* _DATASET EXTRACT_:
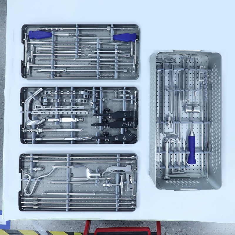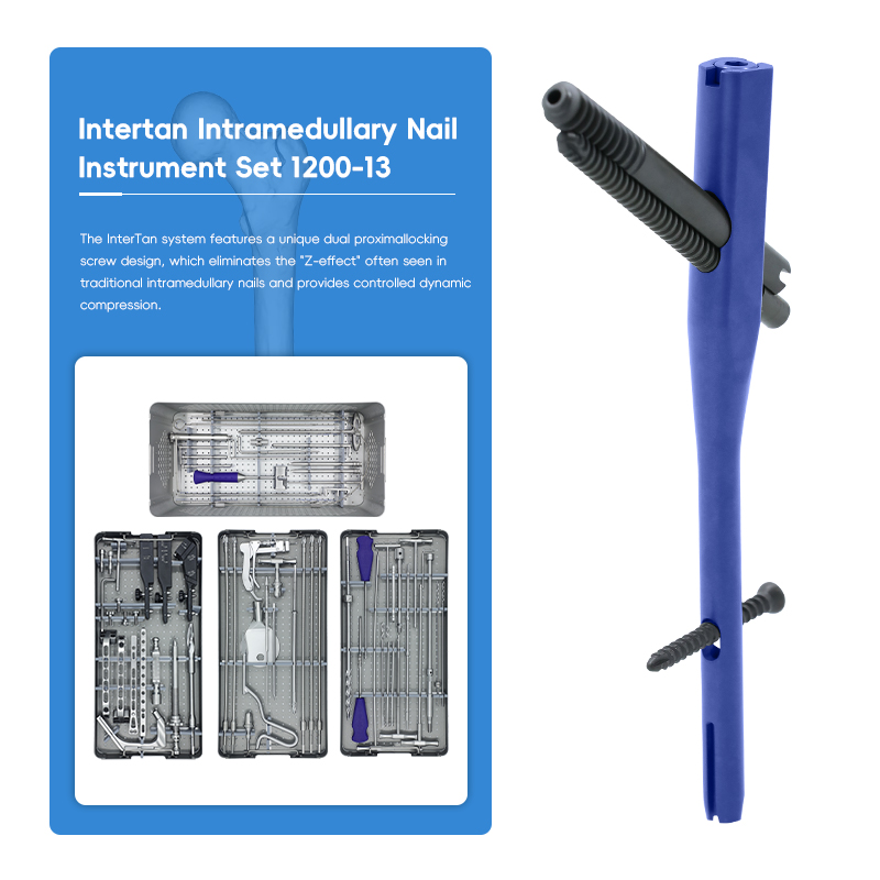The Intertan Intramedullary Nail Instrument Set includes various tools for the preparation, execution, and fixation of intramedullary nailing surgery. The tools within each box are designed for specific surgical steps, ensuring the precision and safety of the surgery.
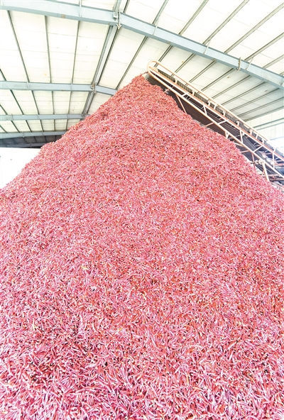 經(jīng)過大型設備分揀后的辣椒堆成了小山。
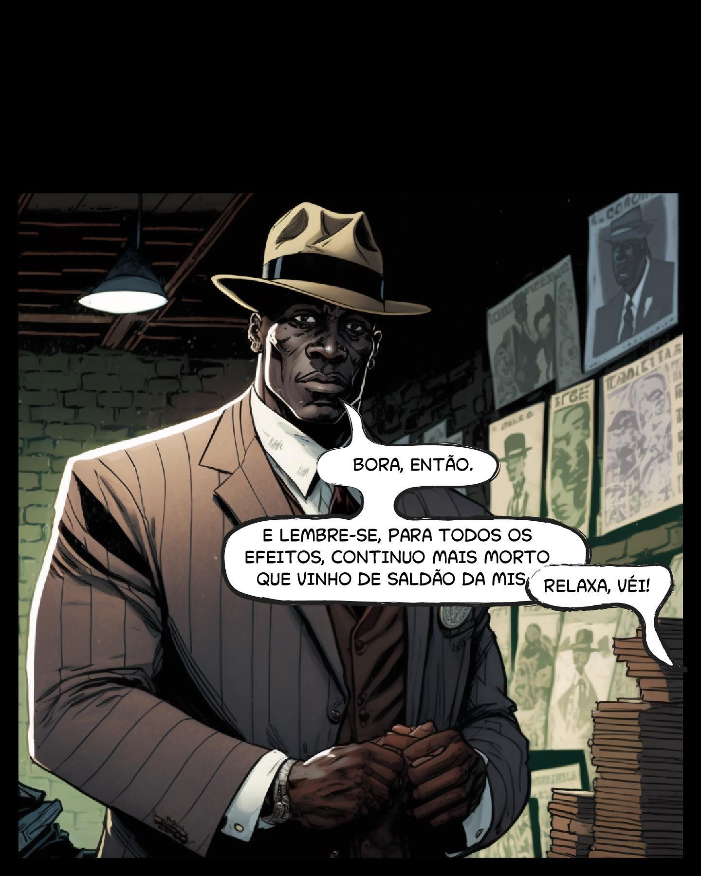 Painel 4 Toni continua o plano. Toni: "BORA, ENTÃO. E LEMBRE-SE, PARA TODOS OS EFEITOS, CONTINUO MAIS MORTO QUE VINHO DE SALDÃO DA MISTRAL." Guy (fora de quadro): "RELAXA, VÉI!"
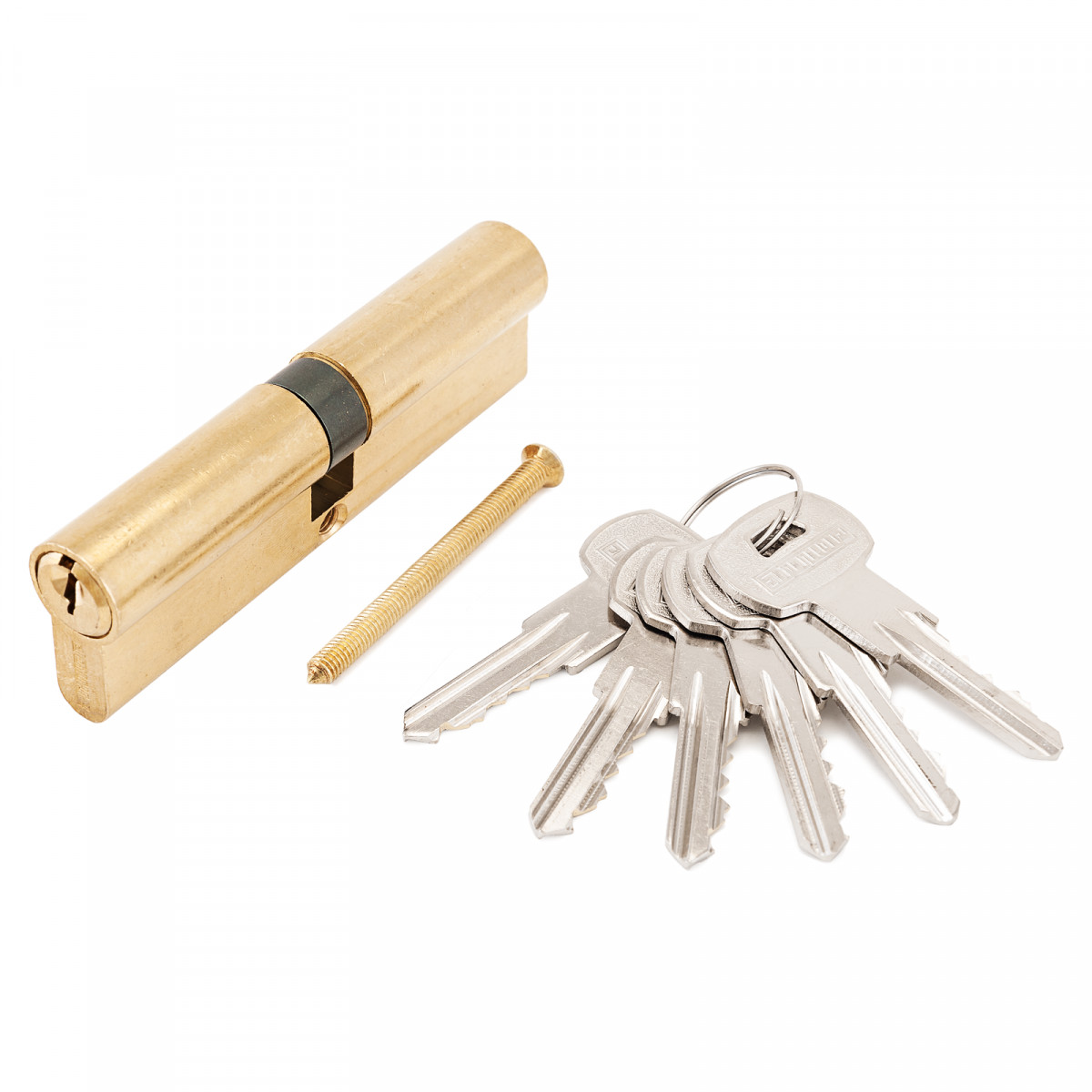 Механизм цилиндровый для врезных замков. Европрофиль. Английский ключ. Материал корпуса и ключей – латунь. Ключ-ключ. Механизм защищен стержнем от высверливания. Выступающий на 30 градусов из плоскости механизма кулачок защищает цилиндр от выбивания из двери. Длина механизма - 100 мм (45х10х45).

* _EXERCISE GOAL_:
Omit the pictures, then quote the rest of the material above exactly.

* _SOLUTION_:
The Intertan Intramedullary Nail Instrument Set includes various tools for the preparation, execution, and fixation of intramedullary nailing surgery. The tools within each box are designed for specific surgical steps, ensuring the precision and safety of the surgery.
 經(jīng)過大型設備分揀后的辣椒堆成了小山。
 Painel 4 Toni continua o plano. Toni: "BORA, ENTÃO. E LEMBRE-SE, PARA TODOS OS EFEITOS, CONTINUO MAIS MORTO QUE VINHO DE SALDÃO DA MISTRAL." Guy (fora de quadro): "RELAXA, VÉI!"
 Механизм цилиндровый для врезных замков. Европрофиль. Английский ключ. Материал корпуса и ключей – латунь. Ключ-ключ. Механизм защищен стержнем от высверливания. Выступающий на 30 градусов из плоскости механизма кулачок защищает цилиндр от выбивания из двери. Длина механизма - 100 мм (45х10х45).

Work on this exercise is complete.